Exercise data -
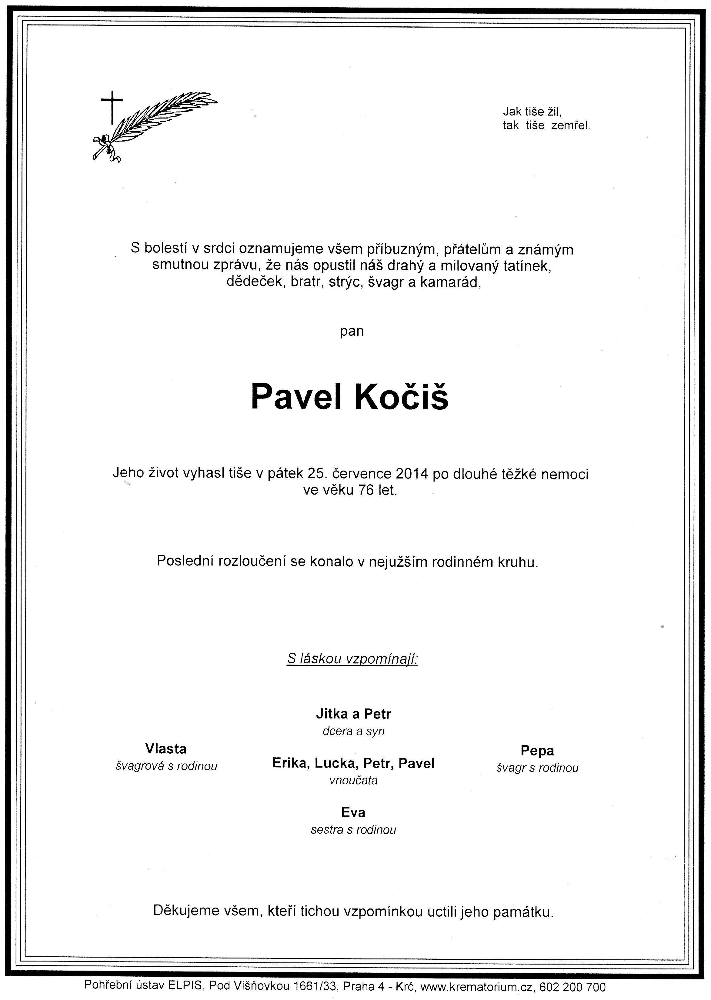 DO NOHEJBALOVÉHO NEBE ODEŠEL PAN PAVEL KOČIŠ
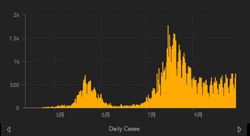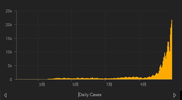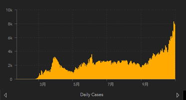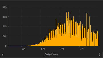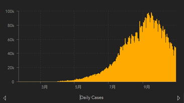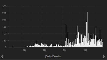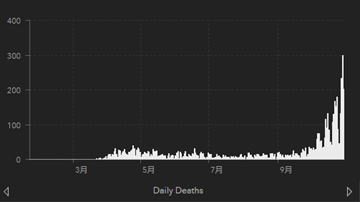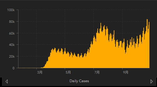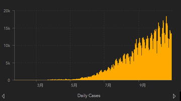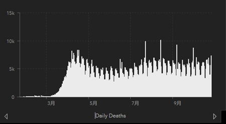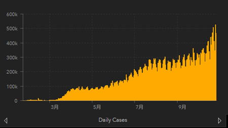 上図より10月7日時点の世界の感染動向を見ると、感染者数、死者数ともに依然として
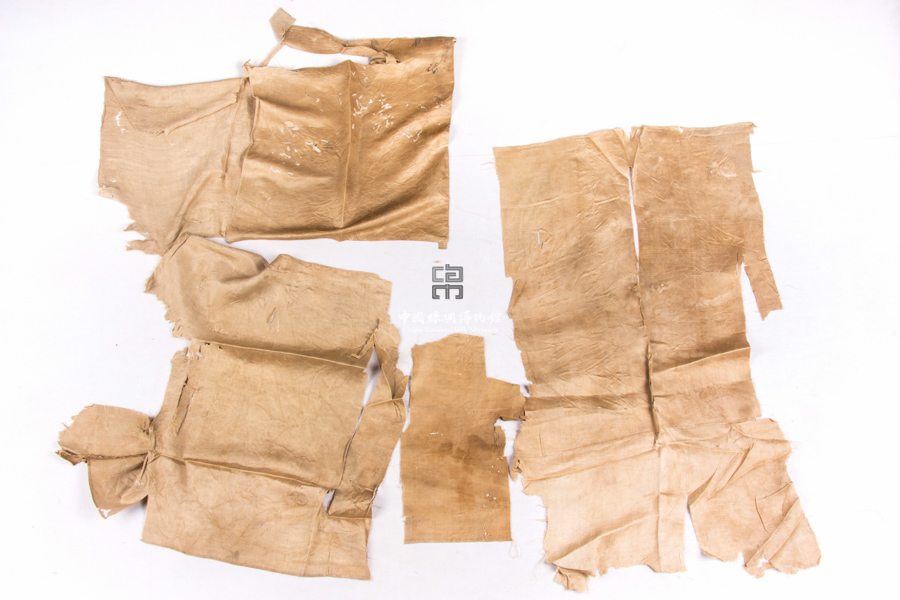 形状内容描述 该织物残片为素缎织物。素缎,即不提花的缎织物,关于它的起源一般认为是宋末元初。这些残片推断其原件为素缎褥。

Work request - Extract, word for word, each line from the one that contains "上図より10月7日時点の世界" through the final line of the data above. Leave the pictures out.

Response to this task -
 上図より10月7日時点の世界の感染動向を見ると、感染者数、死者数ともに依然として
 形状内容描述 该织物残片为素缎织物。素缎,即不提花的缎织物,关于它的起源一般认为是宋末元初。这些残片推断其原件为素缎褥。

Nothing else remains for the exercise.